I get the range finder and take a reading. Ouch, 341 years. We duck down and discuss the best way to get a closer shot at him. But he is in a perfect spot that allows him to look down the draw that separates us from him. No way to get much closer to him from where were are. Cant go around either way without really making a walk of it, most likely losing his position and in the head, he is surrounded by crunchy cut wheat stocks. We quickly decided there is no way to sneak up on him.
"I guess you will just have to crawl as close as you can towards him" Rob says. After a moments thought and a look out towards the buck, I sling the rifle over my back, grab the aim sticks and start to crawl my way towards the buck. The only cover I have is wheat stocks. The lucky part is, we were walking on the path the tractors used so my progress is nearly totally silent. Not that he is going to hear me at this distance anyway.
I crawl as far as I can before I lose my cover. I take another ranger finder reading. 311 yards... still not good. I remove the rifle from my back. With it in one hand and the aim sticks in the other, range finder in pocket, I continue my stack by belly crawling! Afterwards Rob would tell me he was giggling most of the time I was doing it 
Again, I have lost my cover and cant proceed any further.
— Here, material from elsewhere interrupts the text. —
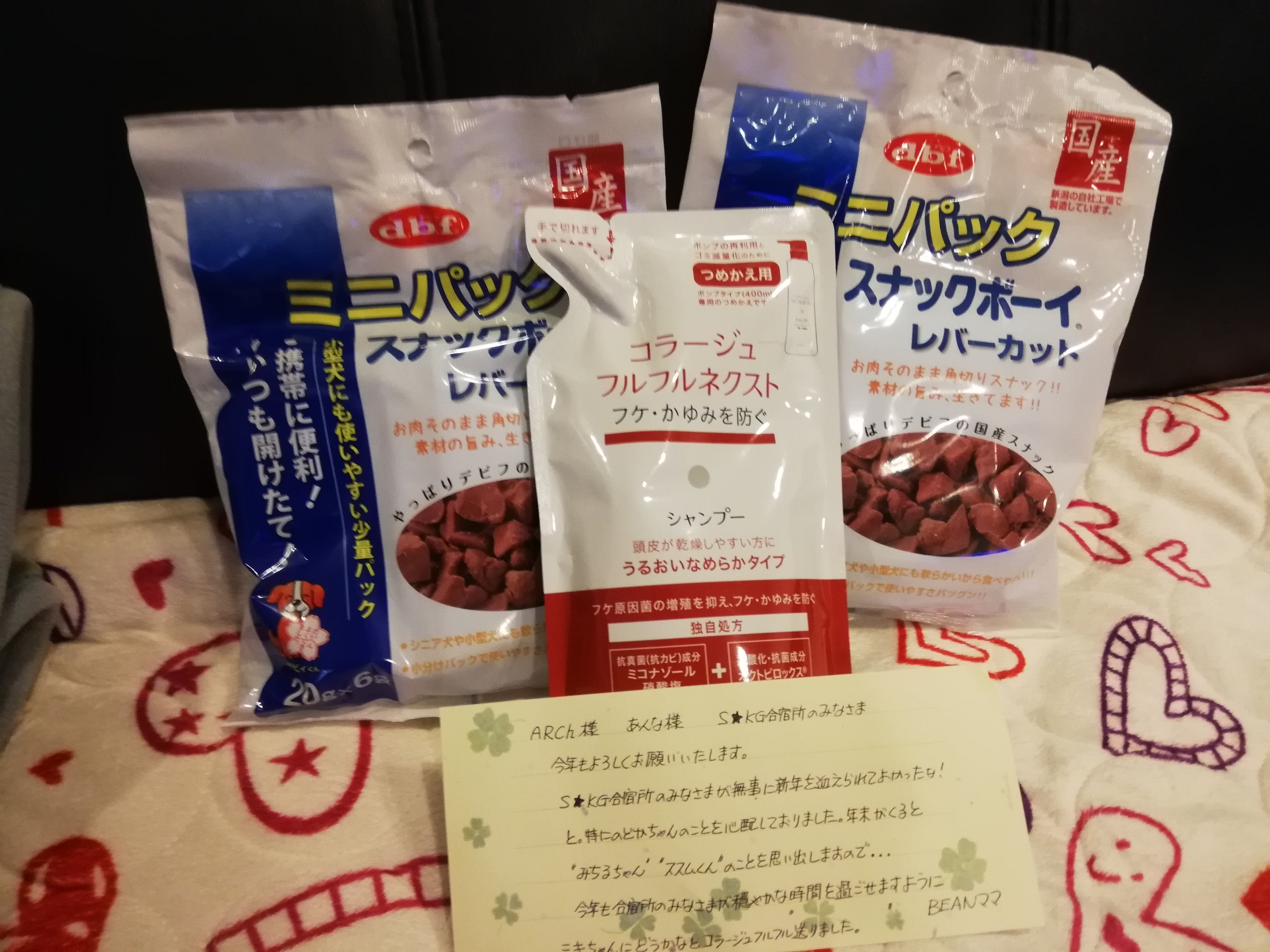 鎌倉市のBEANママ様から、S☆KG合宿所にミキちゃんの為のにコラージュフルフルシャンプーとみんなが好きなレバーのスナックを頂きました。

I place gun and sticks on the ground, roll over an spin so now my feet are facing him. I slowly sit up with the range finder in hand and take another reading. 300 yards on the nose. I lay back down. Heart pounding hard and fast from the crawling and the stalk.
Thinking there is very little chance I can hit this buck at this distance while it is laying down to boot, I sit up and at least see if I can get into a great stable seated position. I spreed the aim sticks and rest the rifle in the V. Give a little scoot here and adjustment there and I am in a very solid and comfortable position. I take aim and the cross hair is steady even though my heart is still pounding. I rest the stock of the rifle on the ground and lay back down on my back.
A couple of minutes pass, I remove my hat, sit up and get back into position. Heart is still a little to fast so I just scoop him and concentrate on breathing and relaxing. At this distance I wanna be as calm and sure as possible. I feel good and decide its now time. I carefully put the cross hair on him. My best target is his neck area. All this time he had be laying down but in a side profile position. So the neck is about the only shootable area I have.
I take aim, slow deep breath in and out, finger on the trigger... Nope, still doesnt feel quite right. And then from behind me, Rob whispers "What? A two pointer?". I whisper back, "I cant tell from this spot how many he is". His horns have blended in with the cut wheat stalks and any chance of counting em not is gone. But when we first spotted him, it was more then obvious he was a shooter.
I get back into shooting position. I feel much better now. Am calm and my heart is at a near normal level. I lean forward into the sight and get ready. And then he stands up!!! Just stands straight up and doesnt move. In my mind I hear myself say "Perfect". I put the cross hair dead center of his side profile for a lung shot. Remembering my misses earlier I trust in the rifles ability and aim exactly where I wanna hit him. Deep slow breath in and out... the sight is peffectly steady and he is still... BANG!
Oh that shot felt good, I think to myself. But with a little flinch, and a quick step, the buck starts to trot away. One step, tow steps, a trip or mis step, a limp? I swing back towards Rob and he asks "Did you hit him?" And I give a big thumbs up and say, "He is limping, I think hit him!" I turn back around and see the buck take two more stumbling steps and he just crumbles to the ground! A huge fist pump and I collapse back onto my back with an even bigger smile on my face. I roll onto my side, look back towards Rob and he motions to just stay where I am with a big grin on his face as well. 
A minute or so and it obvious the buck is down for good. We stand and exchange hand shakes and claps on the back. Then off to our left we spot movement. Up outta the draw that was directly to my left, the 3 does we had seen from the road come up and out and take off up the hill away from us. Kinda towards where the buck was. Its a good thing we didnt try to circle him to the left. We woulda spooked up the does and that would of been the end of it.
I turn back towards Rob and say "300 fn' yards!!!" "What" he replies. "No way." "According to YOUR range finder, it was 300 yars on the nose!"
We make our way towards the buck discussing the spotting, stalk and shot. As we are getting near where the buck went down, Rob points and says "Theres your rack"
"Ya it is!... wait, no its not, thats a freaking weed. Thats way to tall to be his rack."
"One, two, three points, thats your rack" Rob says again... Me, I am sure its a weed. No way that thing sticking up that high is his rack. A few more yards closer and sure as ****, he was right. The height of the rack must be nearly 24" tall. We get up next to him, there is a good amount of blood on the ground and a clear as day bullet wound exactly where I had aimed. Perfect lung shot!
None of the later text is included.